_TASK STATEMENT_
Print all the data below exactly, without images.

_RECORDED DATA_
_ _ _ _ _

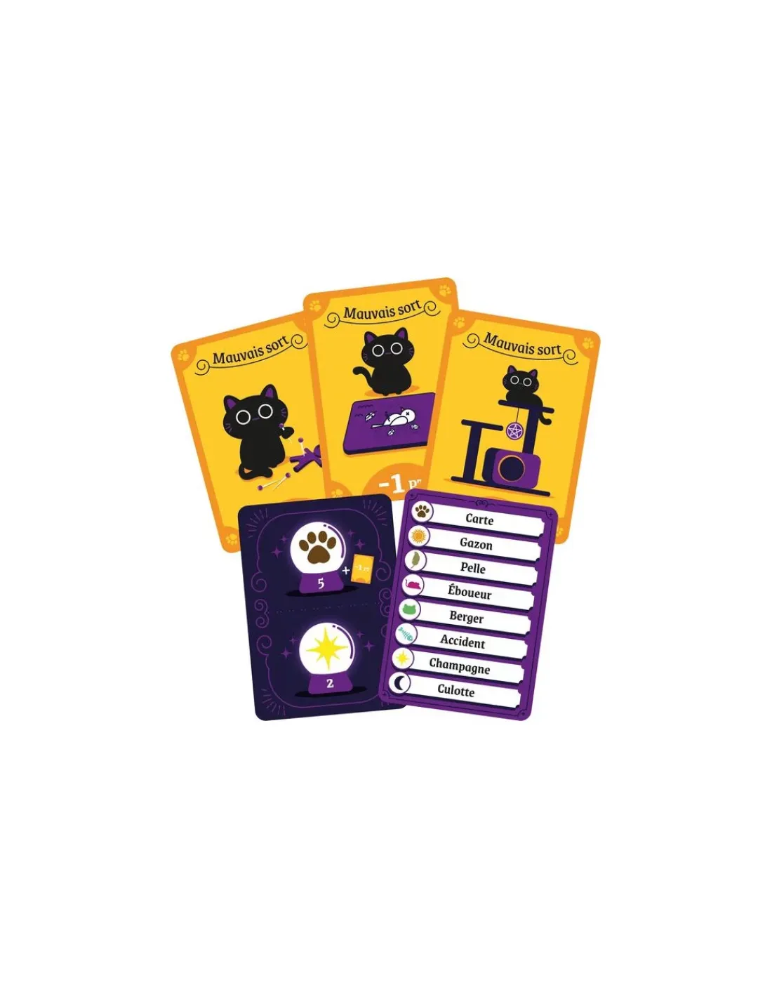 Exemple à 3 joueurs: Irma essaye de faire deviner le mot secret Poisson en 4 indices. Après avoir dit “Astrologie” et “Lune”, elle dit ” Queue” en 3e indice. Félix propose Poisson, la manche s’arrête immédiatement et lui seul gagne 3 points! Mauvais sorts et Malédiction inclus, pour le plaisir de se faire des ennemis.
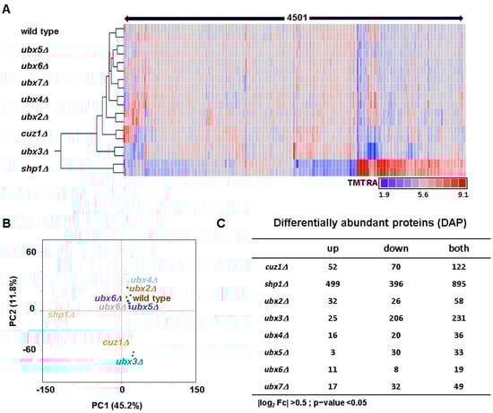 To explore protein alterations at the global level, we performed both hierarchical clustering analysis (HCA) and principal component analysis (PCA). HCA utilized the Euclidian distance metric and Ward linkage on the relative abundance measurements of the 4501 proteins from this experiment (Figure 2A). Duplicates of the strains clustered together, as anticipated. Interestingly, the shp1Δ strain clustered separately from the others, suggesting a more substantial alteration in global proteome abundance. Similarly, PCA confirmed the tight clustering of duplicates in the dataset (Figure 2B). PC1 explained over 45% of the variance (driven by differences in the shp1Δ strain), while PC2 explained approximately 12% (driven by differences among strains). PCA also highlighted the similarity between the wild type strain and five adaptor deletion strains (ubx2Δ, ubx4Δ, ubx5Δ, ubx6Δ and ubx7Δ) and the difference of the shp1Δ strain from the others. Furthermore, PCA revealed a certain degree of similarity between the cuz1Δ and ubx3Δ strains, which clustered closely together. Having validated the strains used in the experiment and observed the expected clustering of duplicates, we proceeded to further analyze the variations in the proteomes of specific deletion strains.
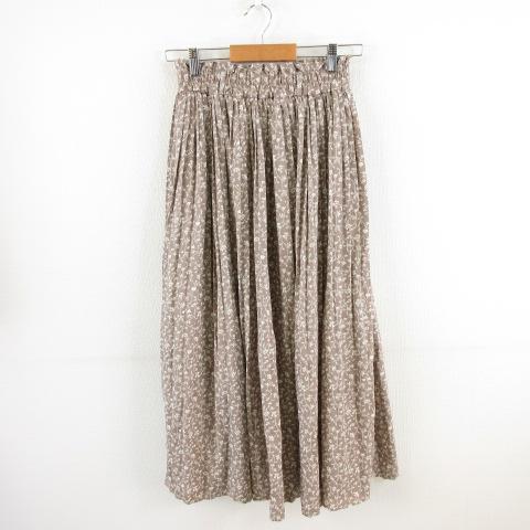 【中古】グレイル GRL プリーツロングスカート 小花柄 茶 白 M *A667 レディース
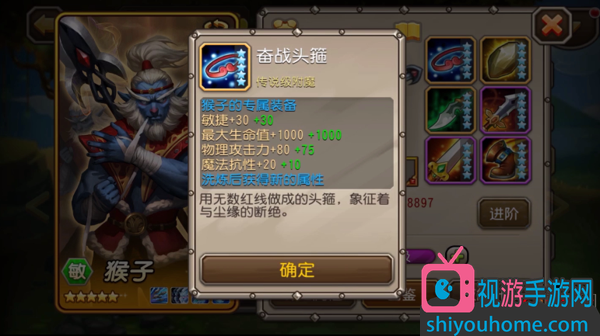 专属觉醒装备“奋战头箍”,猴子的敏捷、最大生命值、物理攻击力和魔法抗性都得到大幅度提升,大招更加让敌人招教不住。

_ _ _ _ _

_ANSWER AREA_
 Exemple à 3 joueurs: Irma essaye de faire deviner le mot secret Poisson en 4 indices. Après avoir dit “Astrologie” et “Lune”, elle dit ” Queue” en 3e indice. Félix propose Poisson, la manche s’arrête immédiatement et lui seul gagne 3 points! Mauvais sorts et Malédiction inclus, pour le plaisir de se faire des ennemis.
 To explore protein alterations at the global level, we performed both hierarchical clustering analysis (HCA) and principal component analysis (PCA). HCA utilized the Euclidian distance metric and Ward linkage on the relative abundance measurements of the 4501 proteins from this experiment (Figure 2A). Duplicates of the strains clustered together, as anticipated. Interestingly, the shp1Δ strain clustered separately from the others, suggesting a more substantial alteration in global proteome abundance. Similarly, PCA confirmed the tight clustering of duplicates in the dataset (Figure 2B). PC1 explained over 45% of the variance (driven by differences in the shp1Δ strain), while PC2 explained approximately 12% (driven by differences among strains). PCA also highlighted the similarity between the wild type strain and five adaptor deletion strains (ubx2Δ, ubx4Δ, ubx5Δ, ubx6Δ and ubx7Δ) and the difference of the shp1Δ strain from the others. Furthermore, PCA revealed a certain degree of similarity between the cuz1Δ and ubx3Δ strains, which clustered closely together. Having validated the strains used in the experiment and observed the expected clustering of duplicates, we proceeded to further analyze the variations in the proteomes of specific deletion strains.
 【中古】グレイル GRL プリーツロングスカート 小花柄 茶 白 M *A667 レディース
 专属觉醒装备“奋战头箍”,猴子的敏捷、最大生命值、物理攻击力和魔法抗性都得到大幅度提升,大招更加让敌人招教不住。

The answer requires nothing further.